● ASSIGNMENT:
What is needed here is an exact repetition of the records below, beginning at the line that has "Two coordinating formats" and stopping after the line that has "Илл.10 Оклад Евангелия".

● RECORDED DATA:
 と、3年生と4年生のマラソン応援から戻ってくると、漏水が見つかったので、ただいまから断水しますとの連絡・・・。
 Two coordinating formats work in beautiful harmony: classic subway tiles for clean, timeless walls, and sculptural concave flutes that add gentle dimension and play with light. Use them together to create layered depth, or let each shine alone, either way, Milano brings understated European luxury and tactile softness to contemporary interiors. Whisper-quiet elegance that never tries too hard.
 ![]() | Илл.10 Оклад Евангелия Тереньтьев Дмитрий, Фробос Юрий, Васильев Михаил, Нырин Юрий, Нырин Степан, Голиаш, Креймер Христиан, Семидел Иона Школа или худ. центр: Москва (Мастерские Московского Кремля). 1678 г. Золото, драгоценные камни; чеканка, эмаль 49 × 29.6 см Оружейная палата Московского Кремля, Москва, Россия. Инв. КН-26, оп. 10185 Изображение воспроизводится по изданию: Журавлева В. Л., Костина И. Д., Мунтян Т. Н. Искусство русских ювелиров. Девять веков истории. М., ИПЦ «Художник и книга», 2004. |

==

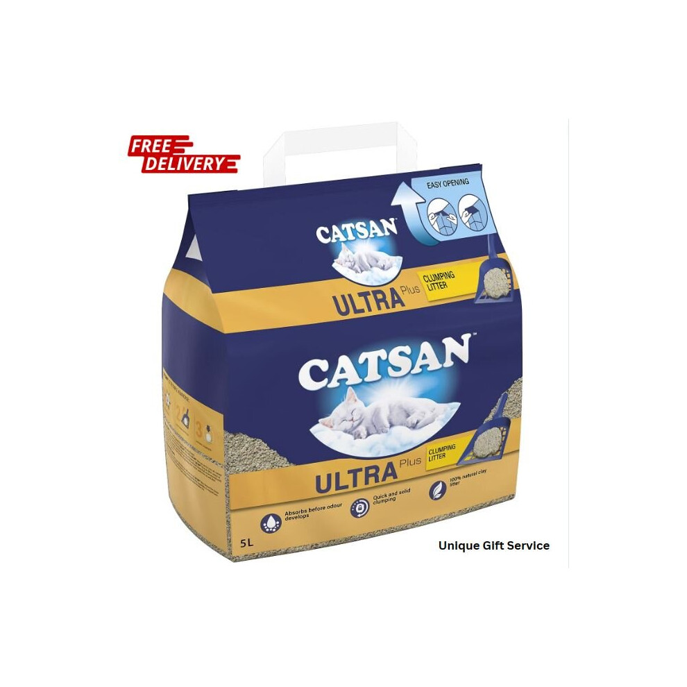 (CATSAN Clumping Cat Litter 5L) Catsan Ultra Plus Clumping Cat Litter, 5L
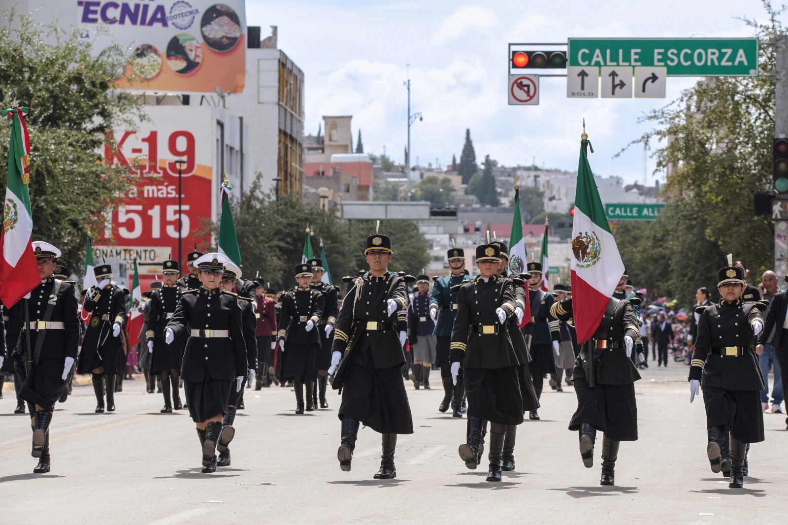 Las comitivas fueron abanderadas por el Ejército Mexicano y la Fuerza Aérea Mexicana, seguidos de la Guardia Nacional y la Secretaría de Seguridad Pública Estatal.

● TASK RESULT:
 Two coordinating formats work in beautiful harmony: classic subway tiles for clean, timeless walls, and sculptural concave flutes that add gentle dimension and play with light. Use them together to create layered depth, or let each shine alone, either way, Milano brings understated European luxury and tactile softness to contemporary interiors. Whisper-quiet elegance that never tries too hard.
 ![]() | Илл.10 Оклад Евангелия Тереньтьев Дмитрий, Фробос Юрий, Васильев Михаил, Нырин Юрий, Нырин Степан, Голиаш, Креймер Христиан, Семидел Иона Школа или худ. центр: Москва (Мастерские Московского Кремля). 1678 г. Золото, драгоценные камни; чеканка, эмаль 49 × 29.6 см Оружейная палата Московского Кремля, Москва, Россия. Инв. КН-26, оп. 10185 Изображение воспроизводится по изданию: Журавлева В. Л., Костина И. Д., Мунтян Т. Н. Искусство русских ювелиров. Девять веков истории. М., ИПЦ «Художник и книга», 2004. |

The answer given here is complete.